Closed hannah348 closed 4 months ago
Hello ! Thanks for the catch ! For PaliGemma, the tokenizer should be set with padding side = "right" ! I am pushing an update to force that behaviour and will push updated checkpoints, thanks for the catch ! In practice, as is with a mock image, it just introduces extra noise but should still work !
Does the model require that extra noise? If this was done during training as well the padding tokens might lead to degradation to performance as the model has less tokens available to represent the text, since the attention mask does not exclude the image tokens in colpali_engine/models/paligemma_colbert_architecture.py
line 83
In practice, the tokens corresponding to the input_ids that must be replaced by the image soft tokens, currently gets included in the query - since it is associated with nothing (and never trained cause replaced otherwise), this acts as a learned padding token (but with attention). It should not hurt performance particularly and might even act as extra "buffer tokens".
I am retraining checkpoints with the fix (since it happens during training as well) which I will release once I push the update, along with the benchmark results !

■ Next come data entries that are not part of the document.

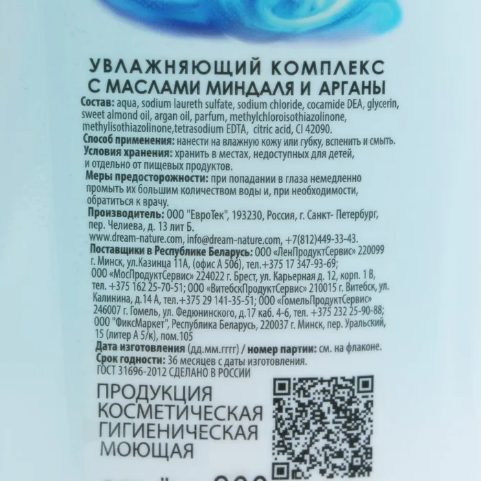 Состав: aqua, sodium laureth sulfate, sodium chloride, cocamide DEA, glycerin, sweet almond oil, argan oil, parfum, methylchloroisothiazolinone, methylisothiazolinone,tetrasodium EDTA, citric acid, Cl 42090.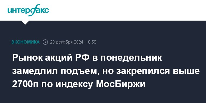 Рынок акций РФ в понедельник замедлил подъем, но закрепился выше 2700п по индексу МосБиржи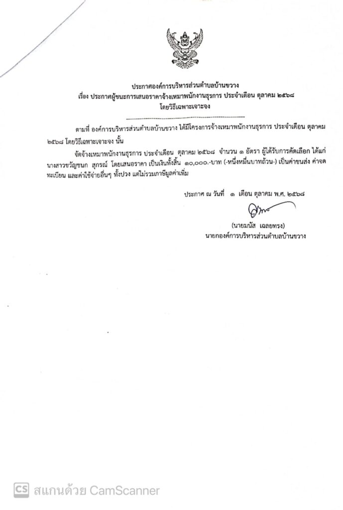 ประกาศองค์การบริหารส่วนตำบลบ้านขวางเรื่อง ประกาศผู้ชนะการเสนอราคาจ้างเหมาพนักงานธุรการ ประจำเดือน ตุลาคม ๒๕๖๘ โดยวิธีเฉพาะเจาะจง Post published:1 ตุลาคม 2025 Post category:ข่าวจัดซื้อจัดจ้าง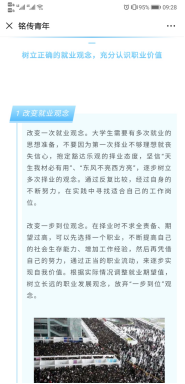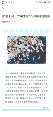 二是借助线上网络平台,开展专题教育活动。受疫情影响,毕业生面临较大的就业压力,通过刘铭传学院微信公众号“铭传青年”及时向毕业生推送求职就业相关的异常心理问题表现、有效调节消极情绪的方法等信息,以期帮助毕业生处理好学习成才、求职择业等方面的问题,引导毕业生以理性平和的心态面对毕业和就业。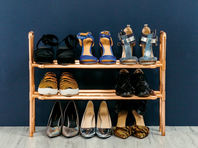 El diseño tendrá la forma de un panal. Tal estante se ensambla de acuerdo con el principio del diseñador: es conveniente agregarle nuevos módulos y es fácil dar la configuración más extraña. Las tuberías se cortan en piezas de la misma longitud para que quepan los zapatos. Luego, estos modelos se interconectan pegándolos juntos.La estructura terminada se puede recubrir con pintura o pegar con cualquier material a mano. Ni siquiera los zapatos muy limpios se pueden poner en un estante de PVC, ya que el material, a diferencia de la madera y el metal, no teme a la humedad.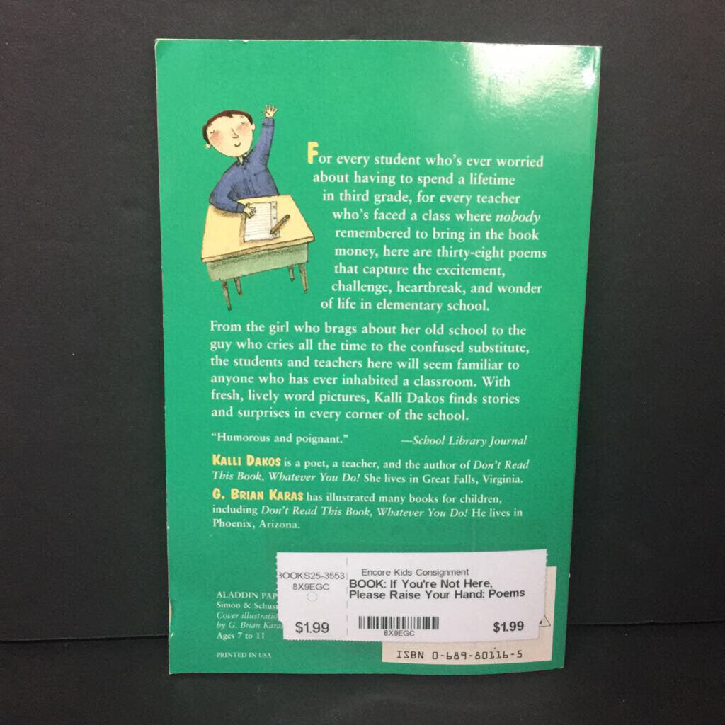 If You're Not Here, Please Raise Your Hand: Poems About School (Kalli Dakos) (Elementary School) -poetry paperback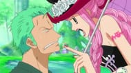 She was startled to see Zoro on Kuraigana Island, but she chose to tend to his wounds because he was the only other person there. The two argued at first, but after living on the island with Dracule Mihawk for two years, they came to trust each other. In addition, she voluntarily returned Zoro to the Sabaody Archipelago. She later fought the Marines' advances so the Straw Hats might flee.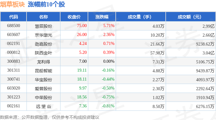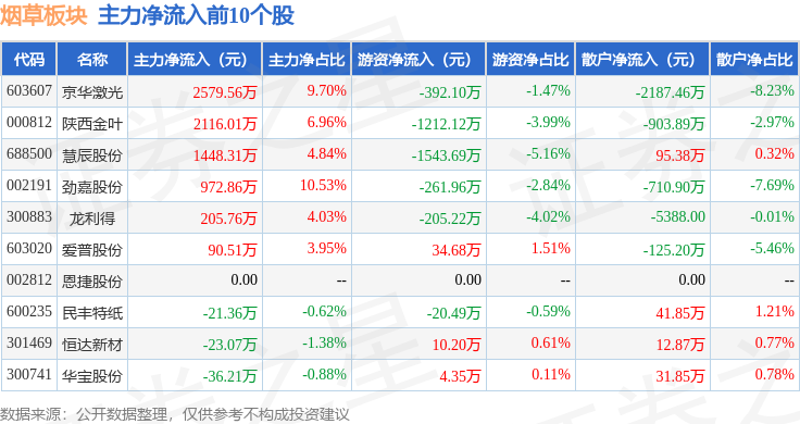 从资金流向上来看,当日烟草板块主力资金净流出6.1亿元,游资资金净流入6318.25万元,散户资金净流入5.47亿元。烟草板块个股资金流向见下表: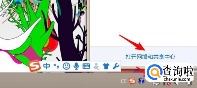 点击任务栏上的网络图标,并点击‘打开网络和共享中心’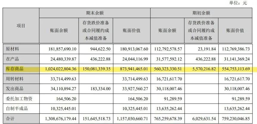 2020年末,存货中的库存商品(产成品)从上年同期的5.6亿增长到10.2亿,同比大增92%,公司为此还计提了1.5亿的存货价跌准备。

So everythinh shoild be fixed !
Would be awesome if you can confirm using this new model: https://huggingface.co/vidore/colpali-v1.1
and the code in branch: https://github.com/illuin-tech/colpali/tree/hard-negs
The base model version is fixed, and padding side is set to right, so issue should be fine @hannah348
I was using the
process_queries
method and I realized that the processor uses left padding. As a result thebatch_query["input_ids"] = batch_query["input_ids"][..., processor.image_seq_length :]
does cut of the padding tokens and if there were padding tokens in the sequence the end of the image sequence is the beginning of the query. Is that intentional? If so what is the reasoning behind that?